I want to add a few new pages, "/Dashboard/Monitoring", "/Dashboard/Logs". I
want this to utilize angular with html5mode enabled. This way they can still
bookmark the links and come back, or at least the url won't look weird.

I don't want the old links to be broken, as I add pages with routing enabled
it should work. It ends up breaking though because if those other three links
don't match my two configured links (Monitoring, Logs), it uses "otherwise" to
fallback to the home directory "/". There's no way arround this other than
detecting and turning on/off the routing.

------
snippet22
Well angular 2 is mostly written the same way every time you want to build
something and is connected through a custom html tag.
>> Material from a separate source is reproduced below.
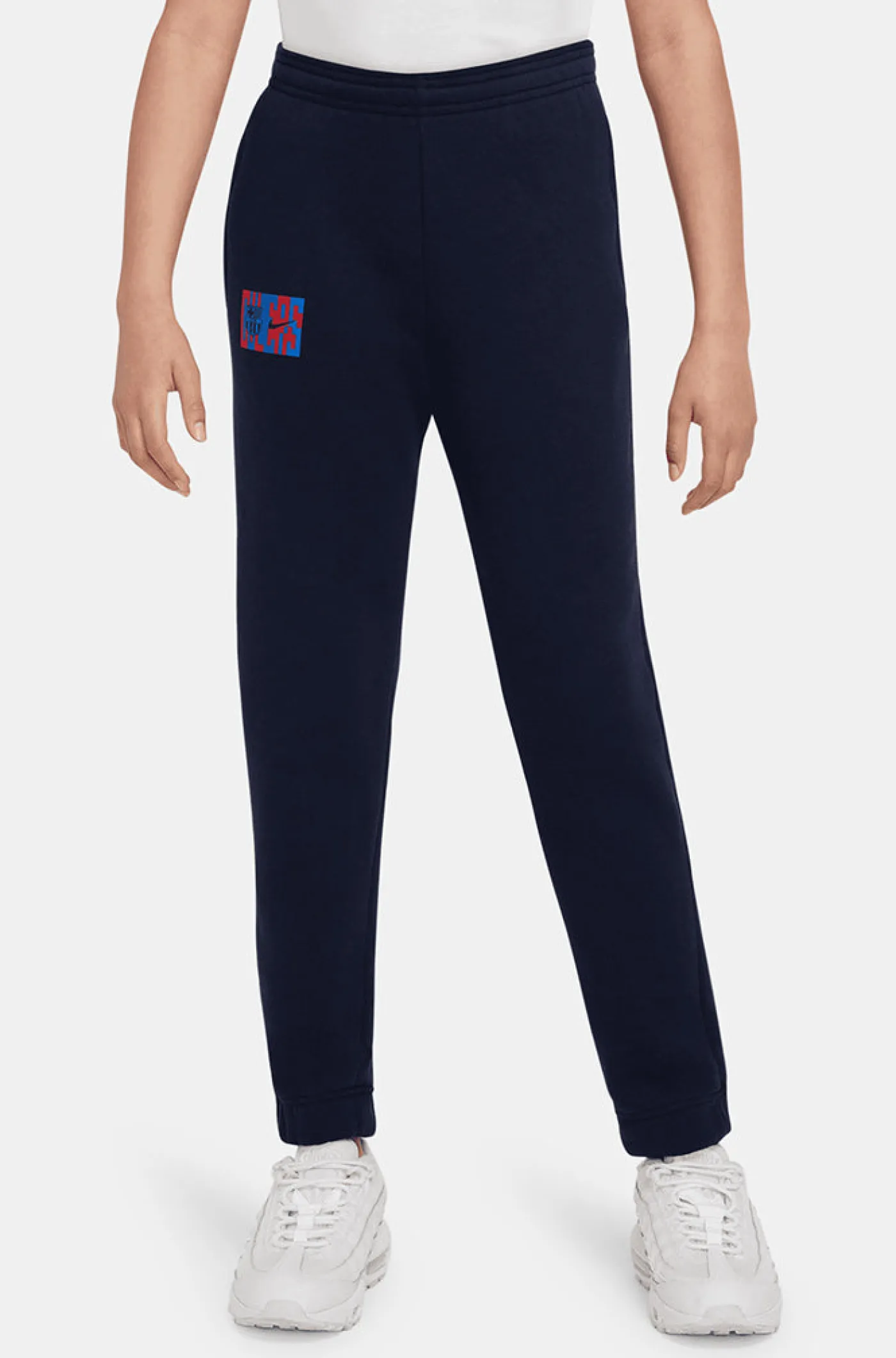 Pantalón deportivo para niños/as de 6 a 14 años con el parche del escudo de FC Barcelona y el logo de Nike bordado a contraste. Cintura elástica con cordones. Bolsillos delanteros: 2. Bajo con acabado en canalé. Color: azul marino.

This allows you to not
deal with js that is built 100 different ways for a 100 different reasons. Not
just that but file structure is exactly the same always. Basically angular1
was just a step up from JavaScript which seemed nice but really with not much
reusability. Plus since you can build components inside components, you don't
have to worry about implementation into a project. With RC5s new modules, you
don't have to worry about importing into those components. So basically you
can easily implement the app into any project with the same components and the
same way always. Basically once you make one, you don't have to rewrite it.
They even have their own CSS files, and use life cycle hooks so you can have
different components fire off at different render times or events. It is
basically the jquery of data. Also with easy observables, server side
rendering, and simple data binding, you really can do anything. Angular 2 and
1 are night and day.